→ Work to complete
From the line containing "Heirloom Tomato and Honey Gazpacho with Crab" down to the last line of the material, output each line exactly as it appears, excluding pictures.

→ Stored data
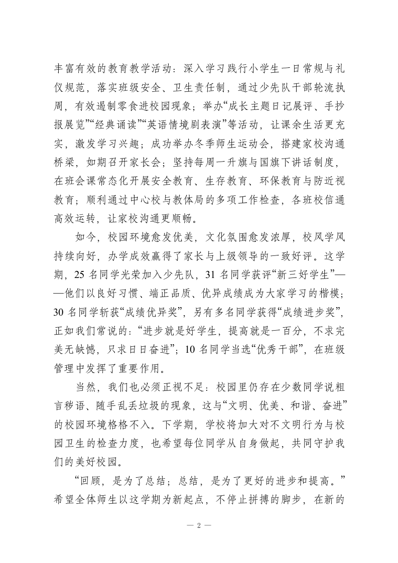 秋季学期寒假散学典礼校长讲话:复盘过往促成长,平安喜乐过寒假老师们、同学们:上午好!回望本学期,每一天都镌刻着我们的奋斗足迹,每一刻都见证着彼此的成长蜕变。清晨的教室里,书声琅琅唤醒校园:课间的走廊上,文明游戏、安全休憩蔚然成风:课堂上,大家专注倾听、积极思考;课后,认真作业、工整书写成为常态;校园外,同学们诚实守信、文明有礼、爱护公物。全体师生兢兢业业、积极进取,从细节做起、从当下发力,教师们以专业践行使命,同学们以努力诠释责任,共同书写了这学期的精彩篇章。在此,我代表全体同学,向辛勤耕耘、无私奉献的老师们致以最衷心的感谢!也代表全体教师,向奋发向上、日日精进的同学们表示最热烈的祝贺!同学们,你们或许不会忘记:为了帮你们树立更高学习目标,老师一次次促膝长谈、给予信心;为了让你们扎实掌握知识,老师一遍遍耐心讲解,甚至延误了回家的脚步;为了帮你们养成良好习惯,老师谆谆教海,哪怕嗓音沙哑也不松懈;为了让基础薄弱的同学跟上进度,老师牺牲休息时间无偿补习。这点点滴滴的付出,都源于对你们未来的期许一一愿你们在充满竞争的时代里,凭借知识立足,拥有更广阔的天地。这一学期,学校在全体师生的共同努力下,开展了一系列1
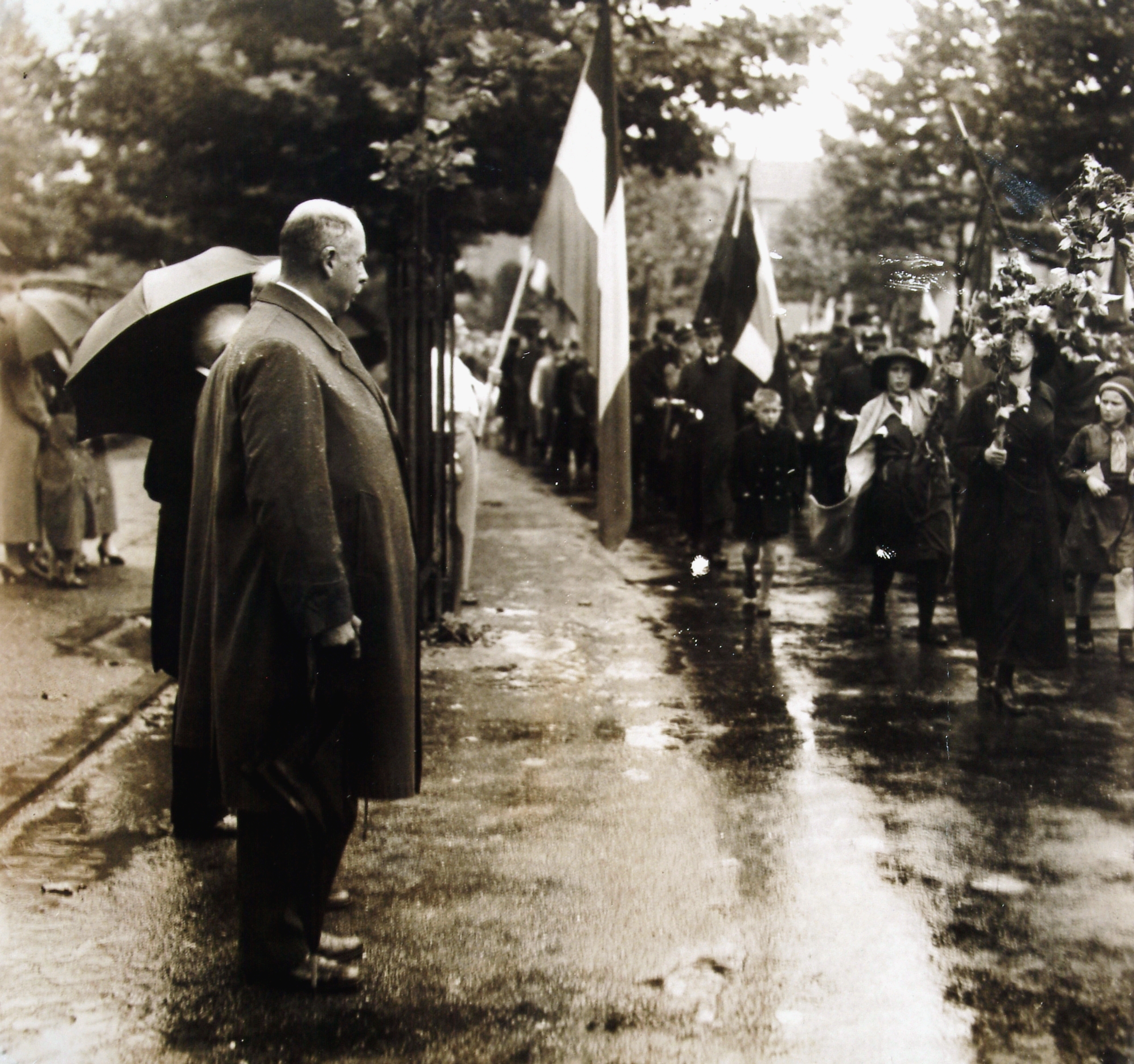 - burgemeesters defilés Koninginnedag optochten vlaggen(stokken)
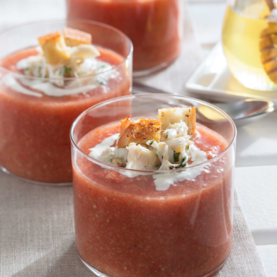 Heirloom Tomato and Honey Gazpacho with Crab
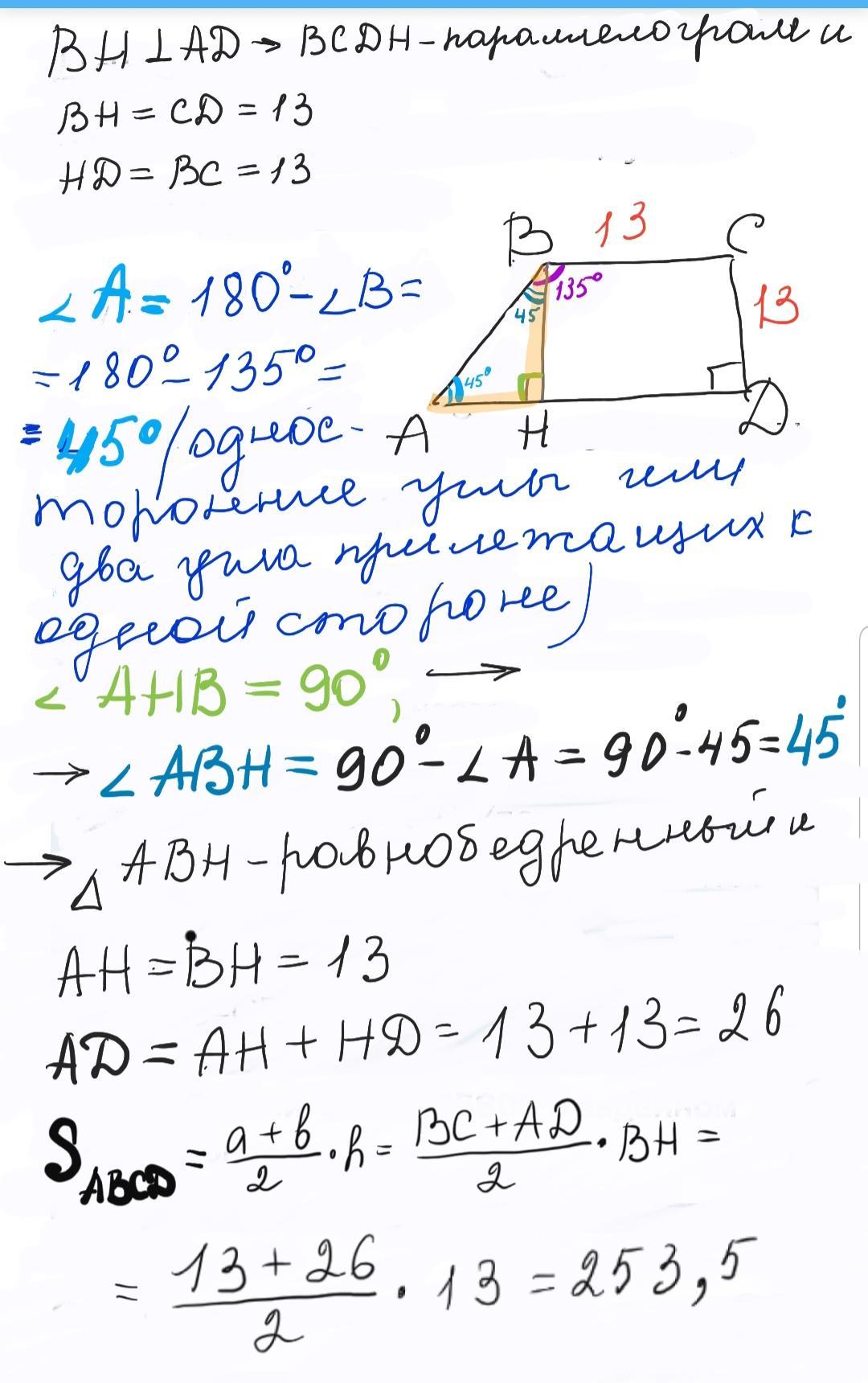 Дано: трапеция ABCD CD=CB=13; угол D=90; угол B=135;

→ Task answer
 Heirloom Tomato and Honey Gazpacho with Crab
 Дано: трапеция ABCD CD=CB=13; угол D=90; угол B=135;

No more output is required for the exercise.